GOAL OF THE EXERCISE :: Among the lines of the listing below, retype exactly those from the one containing "zoo, captive, abyssinian" through the one containing "Перманентна крем-фарба VELVET", both included. Do not include pictures.

THE DATA ::
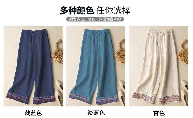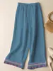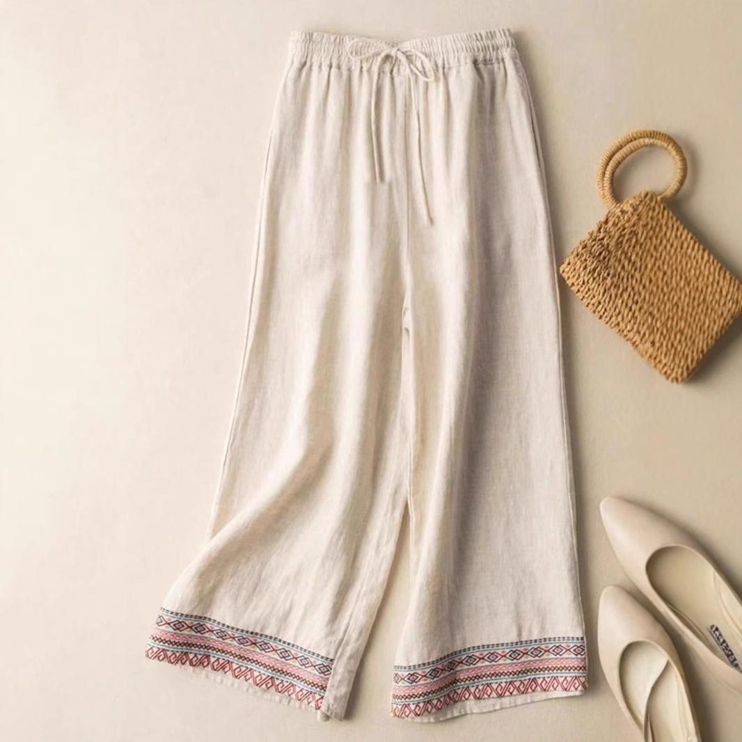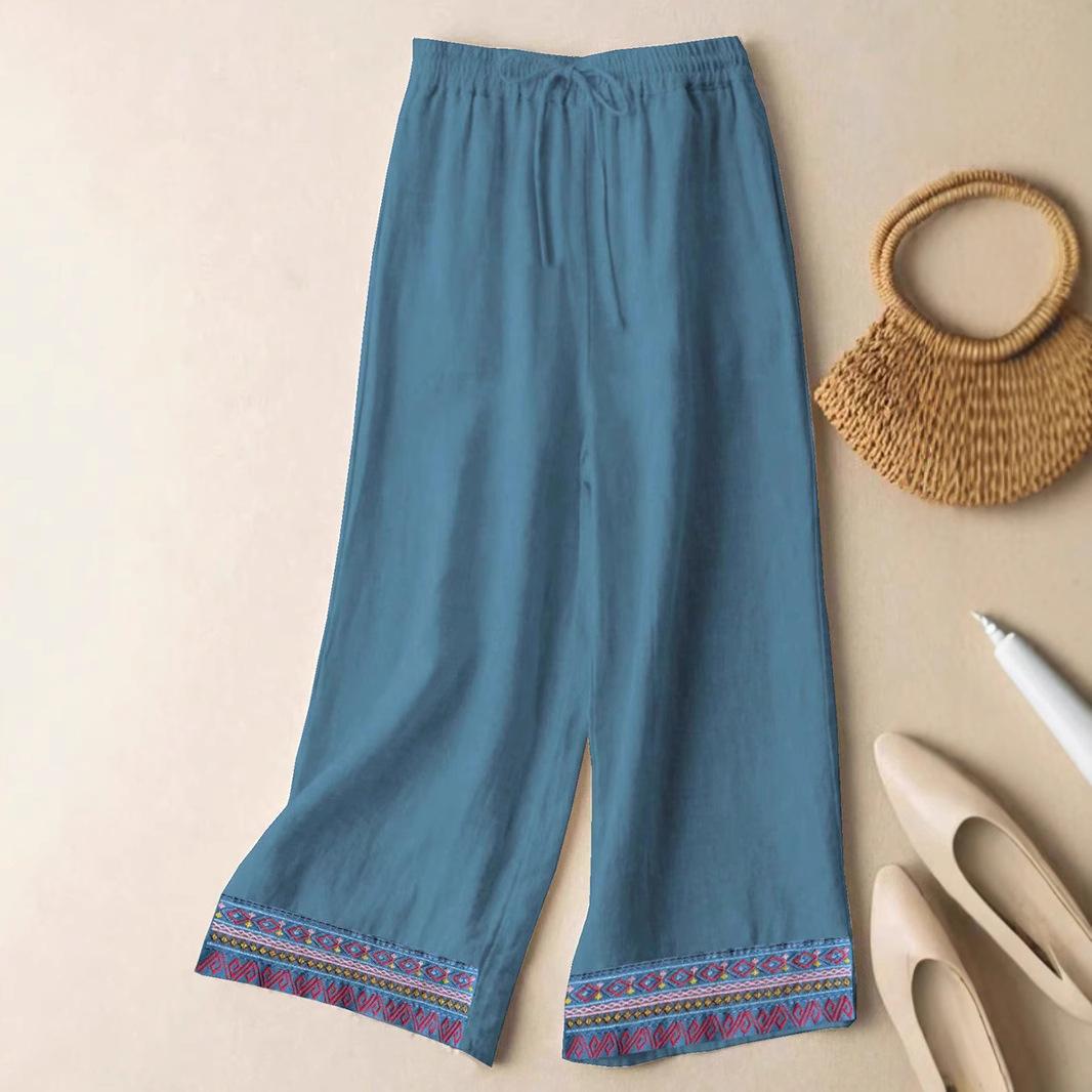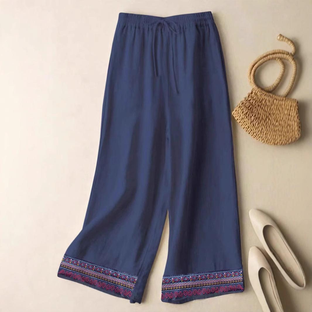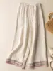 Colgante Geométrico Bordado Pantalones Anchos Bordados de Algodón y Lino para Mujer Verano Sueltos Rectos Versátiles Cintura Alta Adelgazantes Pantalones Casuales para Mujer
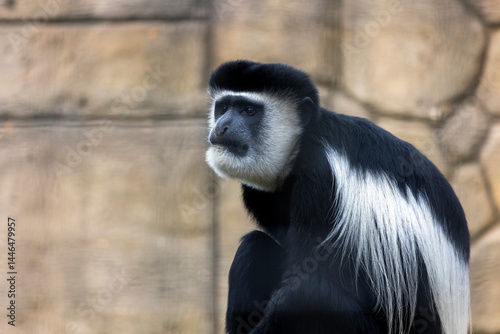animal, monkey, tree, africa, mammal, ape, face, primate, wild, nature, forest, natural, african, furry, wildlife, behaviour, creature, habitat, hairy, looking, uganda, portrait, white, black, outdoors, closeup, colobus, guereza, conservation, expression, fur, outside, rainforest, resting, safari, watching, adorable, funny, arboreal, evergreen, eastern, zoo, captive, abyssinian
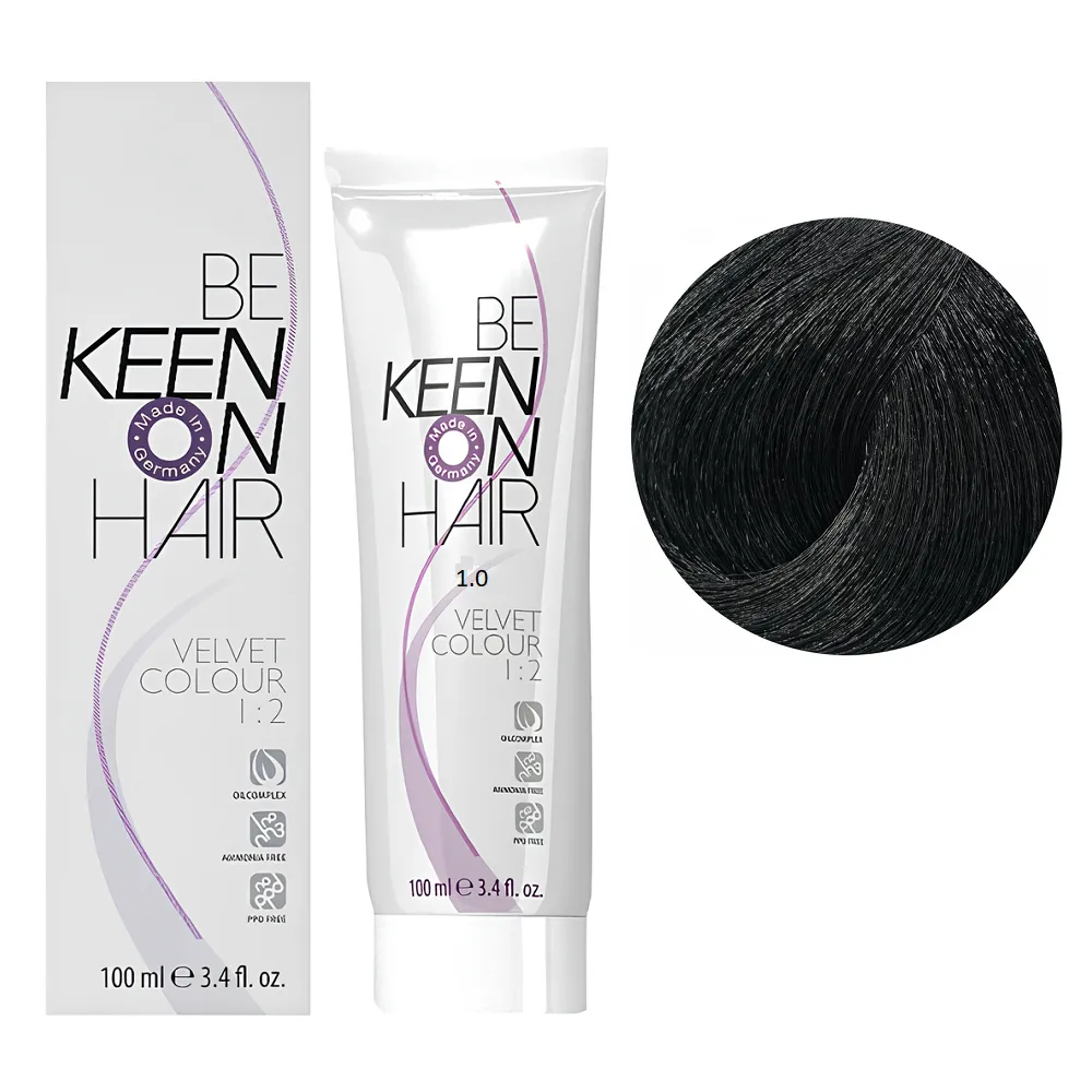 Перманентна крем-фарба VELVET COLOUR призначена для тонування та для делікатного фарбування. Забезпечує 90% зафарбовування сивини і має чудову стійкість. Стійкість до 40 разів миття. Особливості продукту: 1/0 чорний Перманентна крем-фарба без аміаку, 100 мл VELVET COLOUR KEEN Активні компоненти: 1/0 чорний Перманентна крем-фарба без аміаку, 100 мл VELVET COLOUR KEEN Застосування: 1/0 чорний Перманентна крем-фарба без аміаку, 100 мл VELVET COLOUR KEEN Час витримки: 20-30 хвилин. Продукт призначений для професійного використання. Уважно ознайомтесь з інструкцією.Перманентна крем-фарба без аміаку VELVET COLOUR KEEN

...

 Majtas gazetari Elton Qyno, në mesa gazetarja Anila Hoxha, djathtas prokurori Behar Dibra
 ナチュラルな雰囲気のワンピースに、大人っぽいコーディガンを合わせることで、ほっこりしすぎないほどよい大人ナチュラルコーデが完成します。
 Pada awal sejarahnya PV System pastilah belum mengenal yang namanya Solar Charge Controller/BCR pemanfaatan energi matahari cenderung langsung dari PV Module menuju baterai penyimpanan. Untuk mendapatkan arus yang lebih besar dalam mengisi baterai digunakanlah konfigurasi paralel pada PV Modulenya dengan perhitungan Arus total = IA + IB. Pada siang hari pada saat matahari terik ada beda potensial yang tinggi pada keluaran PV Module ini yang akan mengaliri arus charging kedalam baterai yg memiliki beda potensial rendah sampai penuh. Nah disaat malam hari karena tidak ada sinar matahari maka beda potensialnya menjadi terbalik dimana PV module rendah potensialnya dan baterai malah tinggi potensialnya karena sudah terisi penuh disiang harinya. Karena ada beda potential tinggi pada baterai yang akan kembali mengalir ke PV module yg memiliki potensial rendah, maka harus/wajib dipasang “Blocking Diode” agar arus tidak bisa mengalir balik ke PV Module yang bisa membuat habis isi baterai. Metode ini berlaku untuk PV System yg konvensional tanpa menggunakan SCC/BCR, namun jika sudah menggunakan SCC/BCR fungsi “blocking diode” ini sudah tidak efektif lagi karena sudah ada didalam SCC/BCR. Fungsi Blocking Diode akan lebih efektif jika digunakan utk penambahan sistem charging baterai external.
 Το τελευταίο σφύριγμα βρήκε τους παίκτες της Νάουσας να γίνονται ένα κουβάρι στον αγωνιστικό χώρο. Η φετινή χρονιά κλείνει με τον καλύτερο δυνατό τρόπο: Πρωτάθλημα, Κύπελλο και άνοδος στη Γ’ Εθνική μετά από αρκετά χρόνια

SOLUTION FOR THIS PROBLEM ::
animal, monkey, tree, africa, mammal, ape, face, primate, wild, nature, forest, natural, african, furry, wildlife, behaviour, creature, habitat, hairy, looking, uganda, portrait, white, black, outdoors, closeup, colobus, guereza, conservation, expression, fur, outside, rainforest, resting, safari, watching, adorable, funny, arboreal, evergreen, eastern, zoo, captive, abyssinian
 Перманентна крем-фарба VELVET COLOUR призначена для тонування та для делікатного фарбування. Забезпечує 90% зафарбовування сивини і має чудову стійкість. Стійкість до 40 разів миття. Особливості продукту: 1/0 чорний Перманентна крем-фарба без аміаку, 100 мл VELVET COLOUR KEEN Активні компоненти: 1/0 чорний Перманентна крем-фарба без аміаку, 100 мл VELVET COLOUR KEEN Застосування: 1/0 чорний Перманентна крем-фарба без аміаку, 100 мл VELVET COLOUR KEEN Час витримки: 20-30 хвилин. Продукт призначений для професійного використання. Уважно ознайомтесь з інструкцією.Перманентна крем-фарба без аміаку VELVET COLOUR KEEN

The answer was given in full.